When considering the overall topography of the energy landscape and the partially folded, metastable states, more significant differences between force fields emerge. A good point of comparison is the expected folding pathway, which can be predicted based on thermodynamic considerations and observations in similar pseudoknots. As the two stems are of different lengths, it is expected that stem 1, the 5-stem, forms first, before the second stem is folded for the full pseudoknot. Indeed, this process is clearly seen in the OL3 force field and the Shaw and Rochester modifications—although even these three force fields differ in the energy differences between the partially folded and the fully folded pseudoknot structures. In contrast, the LJbb modification to OL3 destabilises the partial folds so much that a cooperative rather than step-wise folding mechanism would be predicted. To a lesser extent, this is also observed for the Yildrim modifications. The fact that two of the five force fields predict potentially qualitatively different folding paths clearly highlights the need for (a) a better understanding of the behaviour of force fields far from the native states, (b) wider parametrizations schemes including non-native states and (c) broader criteria for testing RNA force fields.

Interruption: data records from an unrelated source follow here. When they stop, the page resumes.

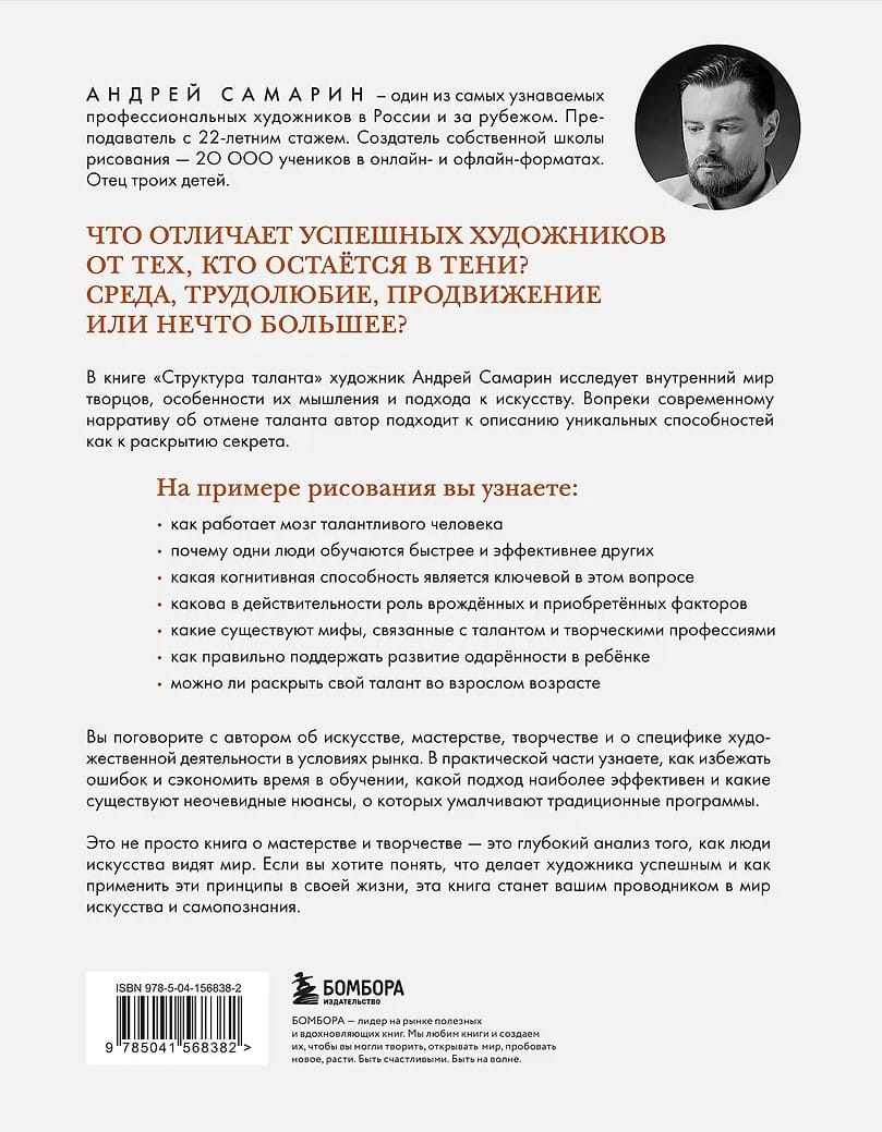 Андрей Самарин, российский художественный деятель, преподаватель и основатель студии рисования, разбирает мифы о врожденных способностях и показывает, что за успехом всегда стоят конкретные навыки, практика и систематический подход. С опорой на психологические исследования, истории из разных сфер и практические рекомендации книга объясняет, как формируются способности, как их развивать и почему одни добиваются результата, а другие так и остаются пребывать в иллюзиях.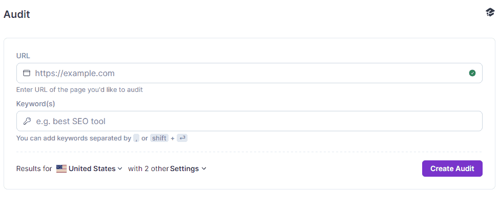 The SEO Audit feature comprehensively analyzes your website's SEO performance.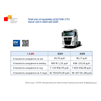 In 2024, the tractor unit cost was 8,876,136 rubles, while in 2025, the price for a vehicle manufactured in 2025 was 7,831,000 rubles.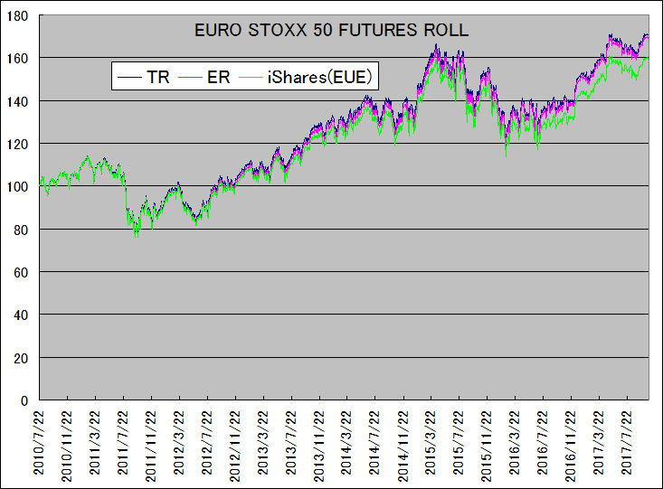 先物ロングによる投資を、EURO STOXX Futures Roll Index のTotalReturnおよびExcessReturn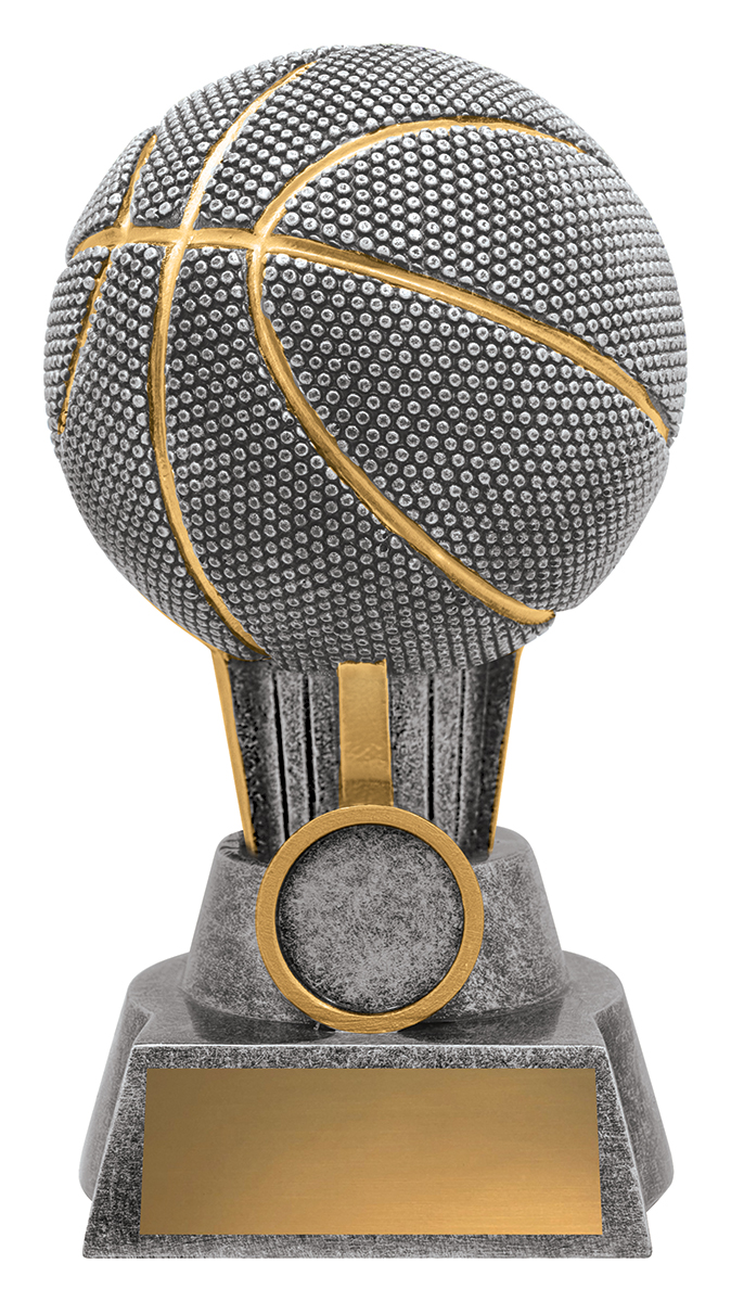 This basketball shaped trophy combines a textured silver finish with striking gold accents, offering a sophisticated choice within basketball trophies. Crafted from durable resin, it showcases quality workmanship suited to any recognition event. The solid base allows for future personalisation suited to recognising excellence on the court.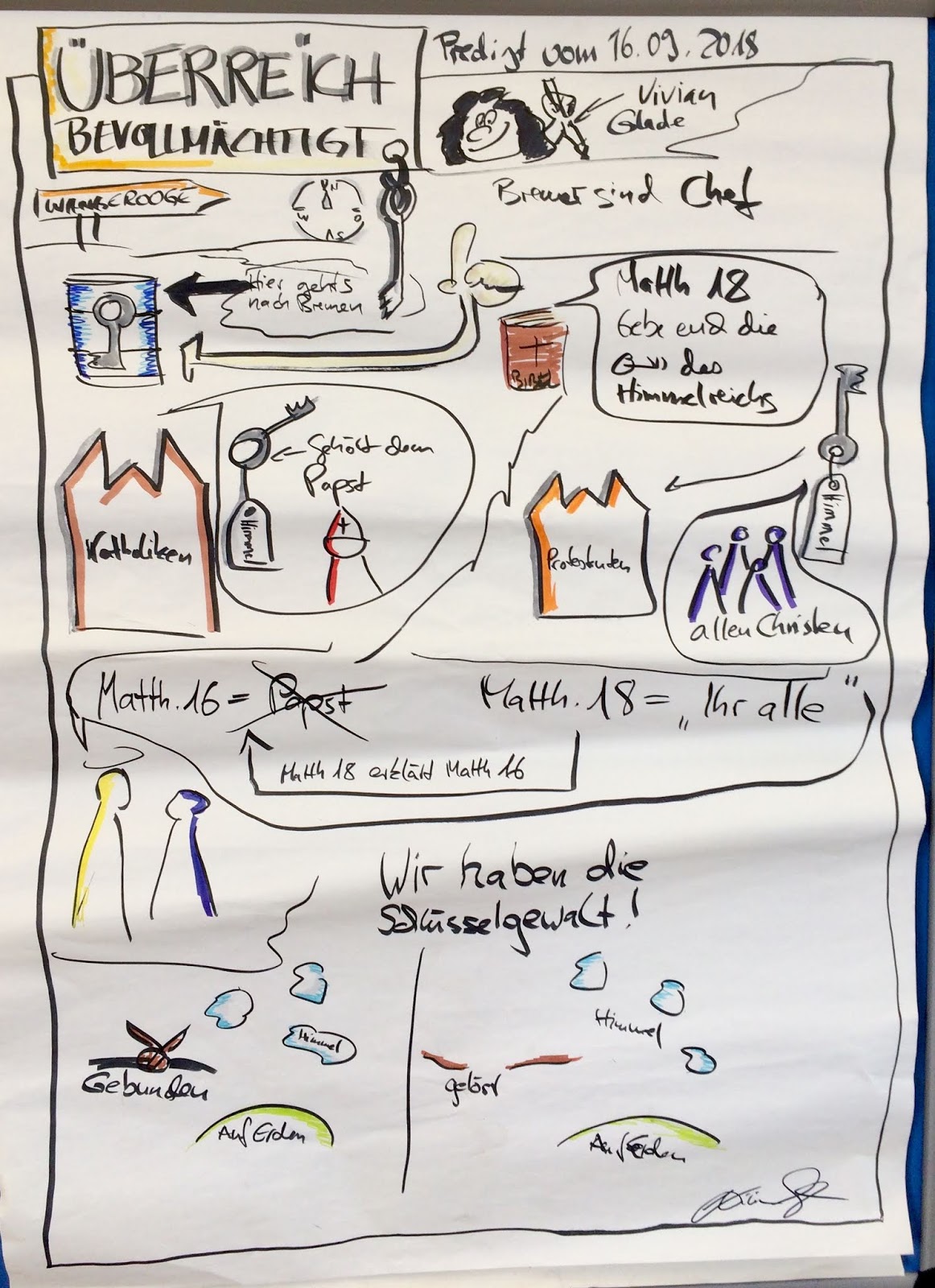 Während Christhard Elle predigte stand Vivian Glade an der Flipchart und malte live die Predigt mit. Eine ganz neue Erfahrung.

For RNA, structural polymorphism is a key observation, and as a result, computational methods must be able to represent competing folded and partially folded structures to capture the dynamical heterogeneity of RNA structure. While more established methods based on molecular dynamics simulations have difficulties in fully exploring the competition between alternative states, the exploration of the energy landscape that we propose is able to address this question extensively. The main approximation of our approach is in the use of implicit solvent, especially critical for a system so sensitive to the environment and to the presence of ions such as RNA. However, in this framework, we are able to systematically consider systems of significant size, much larger and complex in architecture than what previously done in fully solvated systems. We observe large differences in the energy landscapes, that are both qualitative, with the presence of different metastable states, and quantitative, with a wide range of energy barriers to be crossed between similar states, and that can hardly be attributed to the lack of solvent only. We therefore believe that our work, despite approximations that any method intrinsically carries along, constitutes an informative complement to the detailed analysis performed on smaller systems. Well aware of the importance of solvent and ions for RNA systems, we actively work at extending our energy landscape framework to account for solvent, possibly combining our current exploration of the landscape with explicit solvent molecular dynamics simulations.

While this is an intense conceptual and computational effort, we hope to be able to repeat the comparison of the energy landscapes in explicit solvent in a not too far. While the performance benchmark on large conformational transitions is not yet achieved, the ability of several force fields to capture qualitatively correct ordering of reasonable structures is promising. In our opinion, this result shows that qualitative work on RNA structural transitions is feasible with the current generation of force fields and a broad range of complementary sampling techniques.